- What to work on -
Exclude all pictures from your copy of the data below, which should otherwise match exactly.

- Records supplied -
_ _ _ _ _

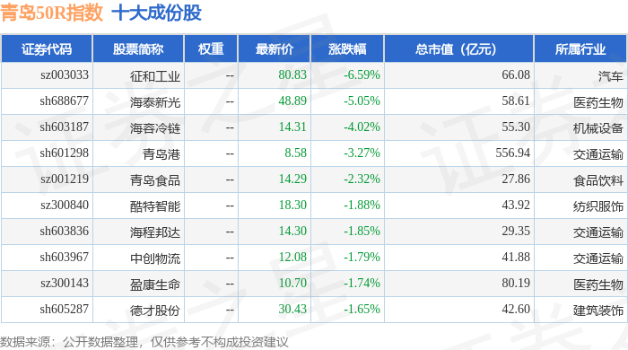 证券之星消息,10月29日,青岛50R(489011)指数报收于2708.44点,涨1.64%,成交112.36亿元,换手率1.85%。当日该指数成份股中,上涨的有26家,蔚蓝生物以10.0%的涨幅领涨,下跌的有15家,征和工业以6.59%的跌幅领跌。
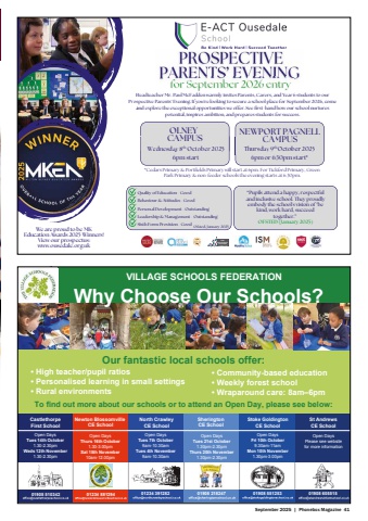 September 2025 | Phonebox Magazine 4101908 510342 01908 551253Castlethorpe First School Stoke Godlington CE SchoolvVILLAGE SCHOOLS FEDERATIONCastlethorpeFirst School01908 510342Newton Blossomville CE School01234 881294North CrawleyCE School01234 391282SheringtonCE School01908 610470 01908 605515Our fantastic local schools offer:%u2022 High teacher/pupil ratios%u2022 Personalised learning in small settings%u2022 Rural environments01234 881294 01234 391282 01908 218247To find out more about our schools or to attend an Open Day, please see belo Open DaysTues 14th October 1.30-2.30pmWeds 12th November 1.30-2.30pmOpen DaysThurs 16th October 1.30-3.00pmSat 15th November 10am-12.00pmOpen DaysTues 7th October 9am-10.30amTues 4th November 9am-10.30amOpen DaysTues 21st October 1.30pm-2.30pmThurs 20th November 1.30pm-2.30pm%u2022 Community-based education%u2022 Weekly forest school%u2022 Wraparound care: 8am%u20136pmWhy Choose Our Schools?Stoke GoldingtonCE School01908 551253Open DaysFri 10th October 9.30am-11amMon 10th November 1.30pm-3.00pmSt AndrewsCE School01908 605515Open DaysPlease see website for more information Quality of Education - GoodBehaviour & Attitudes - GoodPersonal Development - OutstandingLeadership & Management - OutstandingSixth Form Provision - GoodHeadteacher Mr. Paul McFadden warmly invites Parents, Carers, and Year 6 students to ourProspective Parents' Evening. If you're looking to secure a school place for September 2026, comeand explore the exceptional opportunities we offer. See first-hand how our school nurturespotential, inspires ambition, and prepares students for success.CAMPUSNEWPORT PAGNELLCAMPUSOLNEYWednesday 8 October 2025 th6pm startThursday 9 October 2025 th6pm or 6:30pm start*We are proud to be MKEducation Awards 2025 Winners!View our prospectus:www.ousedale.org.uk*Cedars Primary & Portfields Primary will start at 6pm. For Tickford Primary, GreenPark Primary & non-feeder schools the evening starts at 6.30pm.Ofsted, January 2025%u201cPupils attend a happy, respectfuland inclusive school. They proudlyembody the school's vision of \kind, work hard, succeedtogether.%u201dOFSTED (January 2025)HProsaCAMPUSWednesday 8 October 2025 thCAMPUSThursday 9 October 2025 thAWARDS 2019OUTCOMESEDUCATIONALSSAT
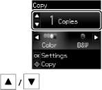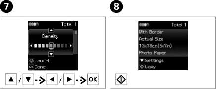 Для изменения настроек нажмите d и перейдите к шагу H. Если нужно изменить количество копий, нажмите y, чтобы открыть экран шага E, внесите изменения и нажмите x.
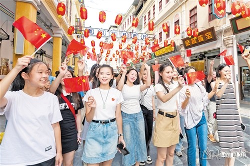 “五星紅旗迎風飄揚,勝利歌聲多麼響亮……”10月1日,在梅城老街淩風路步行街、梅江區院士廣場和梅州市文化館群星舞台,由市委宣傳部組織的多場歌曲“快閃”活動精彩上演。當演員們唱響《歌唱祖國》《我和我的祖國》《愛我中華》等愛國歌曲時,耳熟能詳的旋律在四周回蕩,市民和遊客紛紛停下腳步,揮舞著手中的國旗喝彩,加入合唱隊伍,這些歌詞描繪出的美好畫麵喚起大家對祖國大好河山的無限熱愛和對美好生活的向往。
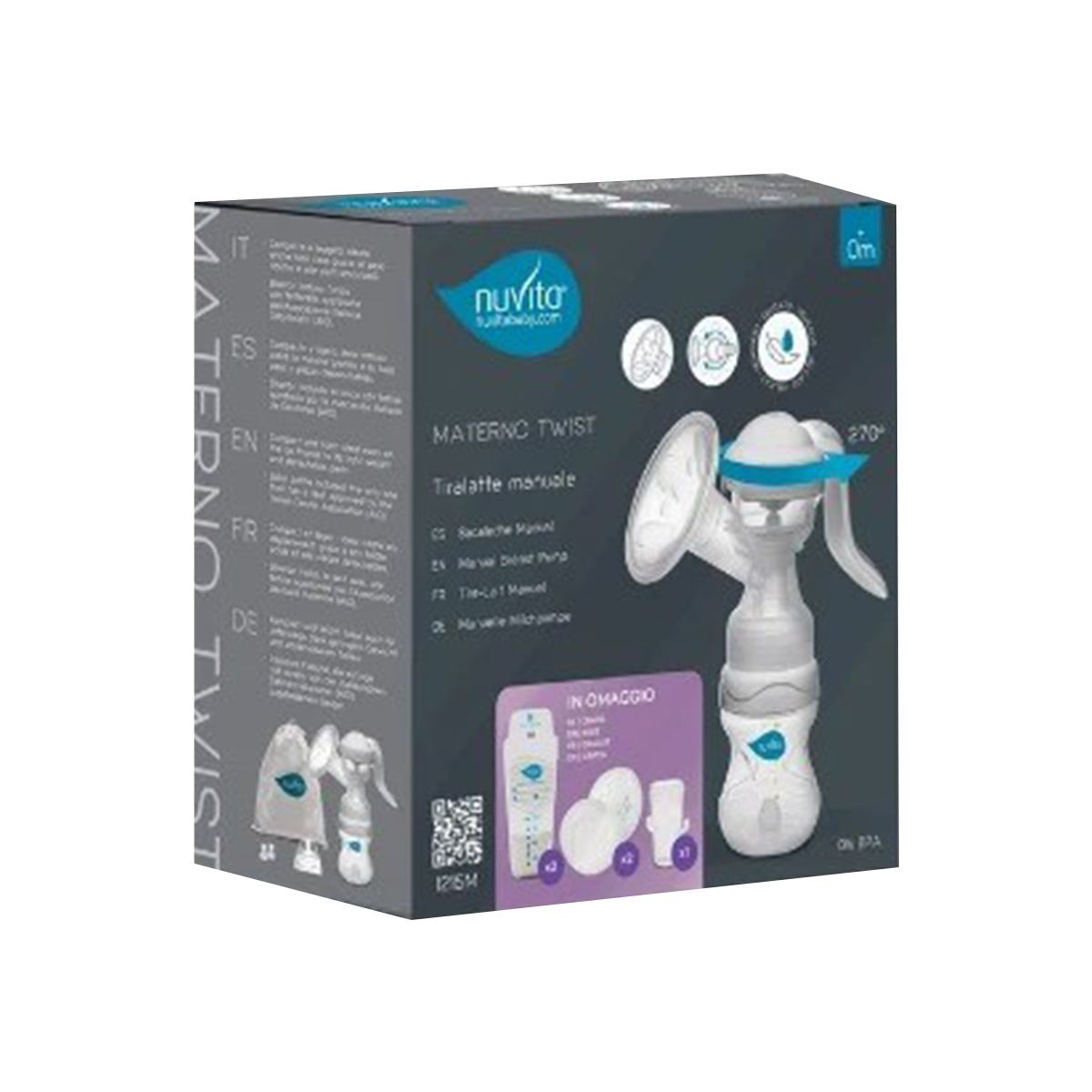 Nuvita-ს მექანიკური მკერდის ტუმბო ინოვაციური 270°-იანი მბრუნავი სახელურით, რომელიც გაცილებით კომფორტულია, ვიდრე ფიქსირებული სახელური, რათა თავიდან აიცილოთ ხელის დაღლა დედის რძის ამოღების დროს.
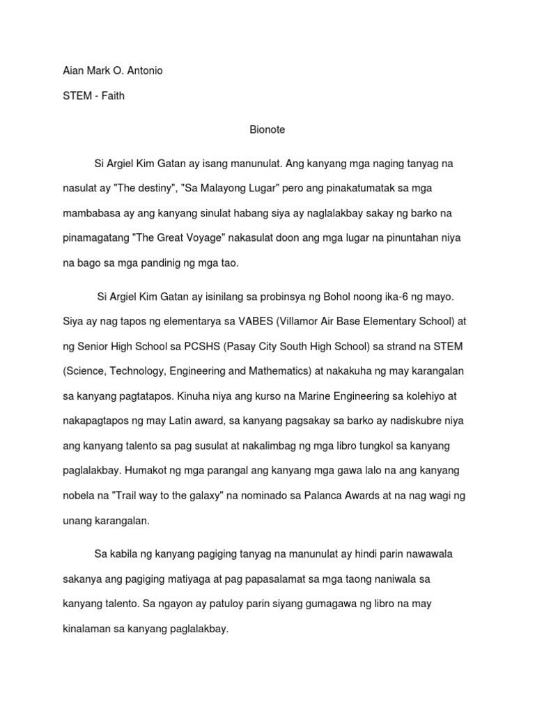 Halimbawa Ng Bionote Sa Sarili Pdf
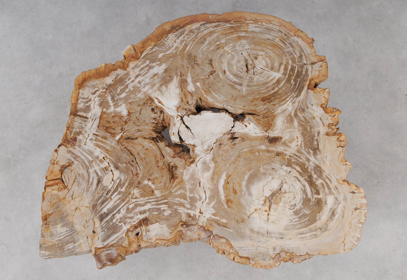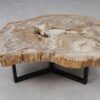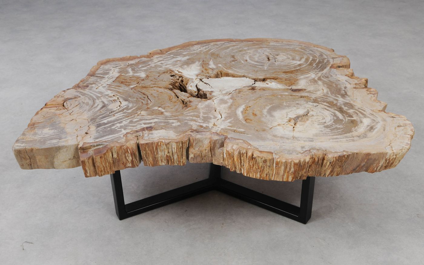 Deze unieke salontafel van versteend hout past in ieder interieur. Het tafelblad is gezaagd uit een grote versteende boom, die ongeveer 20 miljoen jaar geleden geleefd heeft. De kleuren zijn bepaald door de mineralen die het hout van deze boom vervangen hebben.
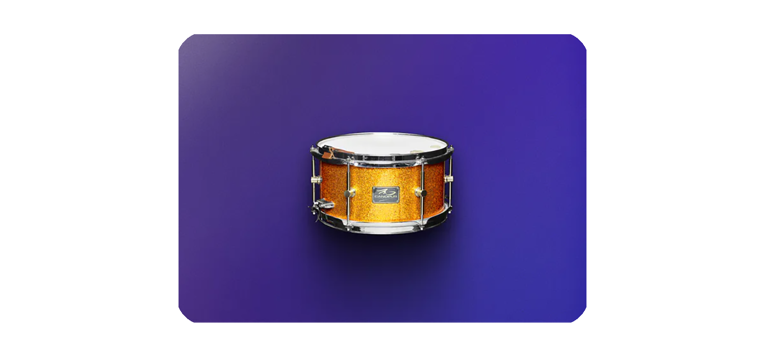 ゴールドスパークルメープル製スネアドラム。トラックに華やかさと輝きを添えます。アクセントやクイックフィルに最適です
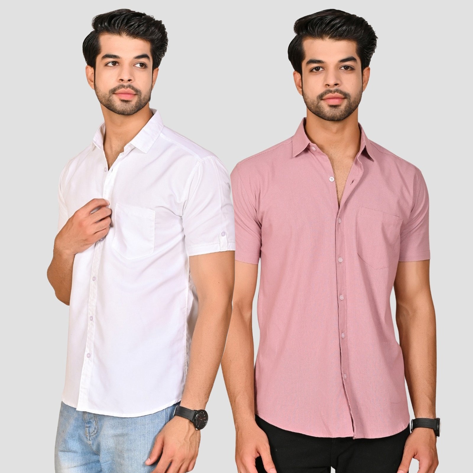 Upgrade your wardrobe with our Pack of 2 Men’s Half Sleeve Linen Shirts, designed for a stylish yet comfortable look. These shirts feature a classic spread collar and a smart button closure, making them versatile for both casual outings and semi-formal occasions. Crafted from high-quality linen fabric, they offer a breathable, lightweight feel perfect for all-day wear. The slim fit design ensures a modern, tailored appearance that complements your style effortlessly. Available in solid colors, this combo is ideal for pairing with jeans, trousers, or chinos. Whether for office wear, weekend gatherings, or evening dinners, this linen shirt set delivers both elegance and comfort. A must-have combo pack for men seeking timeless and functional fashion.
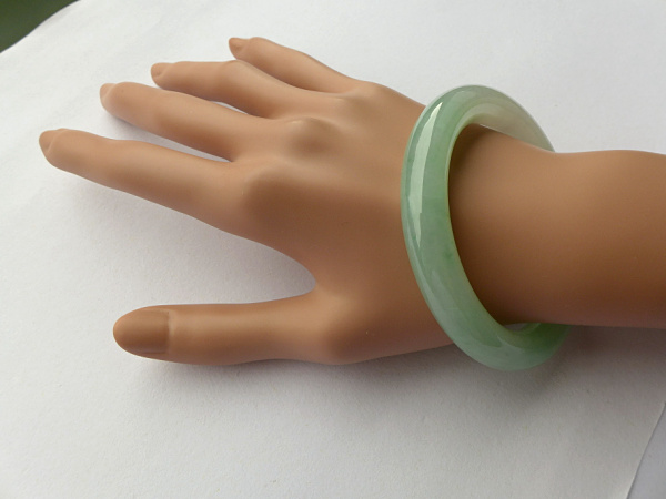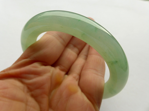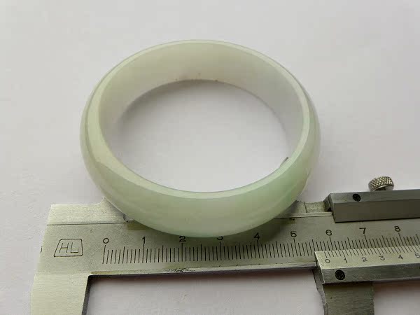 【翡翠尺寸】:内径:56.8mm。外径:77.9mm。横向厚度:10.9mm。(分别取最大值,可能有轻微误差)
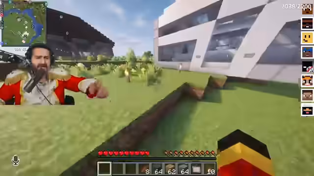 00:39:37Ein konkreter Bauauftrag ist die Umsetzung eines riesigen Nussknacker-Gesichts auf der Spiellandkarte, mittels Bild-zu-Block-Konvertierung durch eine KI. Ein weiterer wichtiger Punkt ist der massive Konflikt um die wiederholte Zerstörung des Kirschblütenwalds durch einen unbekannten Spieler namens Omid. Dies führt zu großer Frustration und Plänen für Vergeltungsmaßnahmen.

_ _ _ _ _

- Expected answer -
 证券之星消息,10月29日,青岛50R(489011)指数报收于2708.44点,涨1.64%,成交112.36亿元,换手率1.85%。当日该指数成份股中,上涨的有26家,蔚蓝生物以10.0%的涨幅领涨,下跌的有15家,征和工业以6.59%的跌幅领跌。
 September 2025 | Phonebox Magazine 4101908 510342 01908 551253Castlethorpe First School Stoke Godlington CE SchoolvVILLAGE SCHOOLS FEDERATIONCastlethorpeFirst School01908 510342Newton Blossomville CE School01234 881294North CrawleyCE School01234 391282SheringtonCE School01908 610470 01908 605515Our fantastic local schools offer:%u2022 High teacher/pupil ratios%u2022 Personalised learning in small settings%u2022 Rural environments01234 881294 01234 391282 01908 218247To find out more about our schools or to attend an Open Day, please see belo Open DaysTues 14th October 1.30-2.30pmWeds 12th November 1.30-2.30pmOpen DaysThurs 16th October 1.30-3.00pmSat 15th November 10am-12.00pmOpen DaysTues 7th October 9am-10.30amTues 4th November 9am-10.30amOpen DaysTues 21st October 1.30pm-2.30pmThurs 20th November 1.30pm-2.30pm%u2022 Community-based education%u2022 Weekly forest school%u2022 Wraparound care: 8am%u20136pmWhy Choose Our Schools?Stoke GoldingtonCE School01908 551253Open DaysFri 10th October 9.30am-11amMon 10th November 1.30pm-3.00pmSt AndrewsCE School01908 605515Open DaysPlease see website for more information Quality of Education - GoodBehaviour & Attitudes - GoodPersonal Development - OutstandingLeadership & Management - OutstandingSixth Form Provision - GoodHeadteacher Mr. Paul McFadden warmly invites Parents, Carers, and Year 6 students to ourProspective Parents' Evening. If you're looking to secure a school place for September 2026, comeand explore the exceptional opportunities we offer. See first-hand how our school nurturespotential, inspires ambition, and prepares students for success.CAMPUSNEWPORT PAGNELLCAMPUSOLNEYWednesday 8 October 2025 th6pm startThursday 9 October 2025 th6pm or 6:30pm start*We are proud to be MKEducation Awards 2025 Winners!View our prospectus:www.ousedale.org.uk*Cedars Primary & Portfields Primary will start at 6pm. For Tickford Primary, GreenPark Primary & non-feeder schools the evening starts at 6.30pm.Ofsted, January 2025%u201cPupils attend a happy, respectfuland inclusive school. They proudlyembody the school's vision of \kind, work hard, succeedtogether.%u201dOFSTED (January 2025)HProsaCAMPUSWednesday 8 October 2025 thCAMPUSThursday 9 October 2025 thAWARDS 2019OUTCOMESEDUCATIONALSSAT
 Для изменения настроек нажмите d и перейдите к шагу H. Если нужно изменить количество копий, нажмите y, чтобы открыть экран шага E, внесите изменения и нажмите x.
 “五星紅旗迎風飄揚,勝利歌聲多麼響亮……”10月1日,在梅城老街淩風路步行街、梅江區院士廣場和梅州市文化館群星舞台,由市委宣傳部組織的多場歌曲“快閃”活動精彩上演。當演員們唱響《歌唱祖國》《我和我的祖國》《愛我中華》等愛國歌曲時,耳熟能詳的旋律在四周回蕩,市民和遊客紛紛停下腳步,揮舞著手中的國旗喝彩,加入合唱隊伍,這些歌詞描繪出的美好畫麵喚起大家對祖國大好河山的無限熱愛和對美好生活的向往。
 Nuvita-ს მექანიკური მკერდის ტუმბო ინოვაციური 270°-იანი მბრუნავი სახელურით, რომელიც გაცილებით კომფორტულია, ვიდრე ფიქსირებული სახელური, რათა თავიდან აიცილოთ ხელის დაღლა დედის რძის ამოღების დროს.
 Halimbawa Ng Bionote Sa Sarili Pdf
 Deze unieke salontafel van versteend hout past in ieder interieur. Het tafelblad is gezaagd uit een grote versteende boom, die ongeveer 20 miljoen jaar geleden geleefd heeft. De kleuren zijn bepaald door de mineralen die het hout van deze boom vervangen hebben.
 ゴールドスパークルメープル製スネアドラム。トラックに華やかさと輝きを添えます。アクセントやクイックフィルに最適です
 Upgrade your wardrobe with our Pack of 2 Men’s Half Sleeve Linen Shirts, designed for a stylish yet comfortable look. These shirts feature a classic spread collar and a smart button closure, making them versatile for both casual outings and semi-formal occasions. Crafted from high-quality linen fabric, they offer a breathable, lightweight feel perfect for all-day wear. The slim fit design ensures a modern, tailored appearance that complements your style effortlessly. Available in solid colors, this combo is ideal for pairing with jeans, trousers, or chinos. Whether for office wear, weekend gatherings, or evening dinners, this linen shirt set delivers both elegance and comfort. A must-have combo pack for men seeking timeless and functional fashion.
 【翡翠尺寸】:内径:56.8mm。外径:77.9mm。横向厚度:10.9mm。(分别取最大值,可能有轻微误差)
 00:39:37Ein konkreter Bauauftrag ist die Umsetzung eines riesigen Nussknacker-Gesichts auf der Spiellandkarte, mittels Bild-zu-Block-Konvertierung durch eine KI. Ein weiterer wichtiger Punkt ist der massive Konflikt um die wiederholte Zerstörung des Kirschblütenwalds durch einen unbekannten Spieler namens Omid. Dies führt zu großer Frustration und Plänen für Vergeltungsmaßnahmen.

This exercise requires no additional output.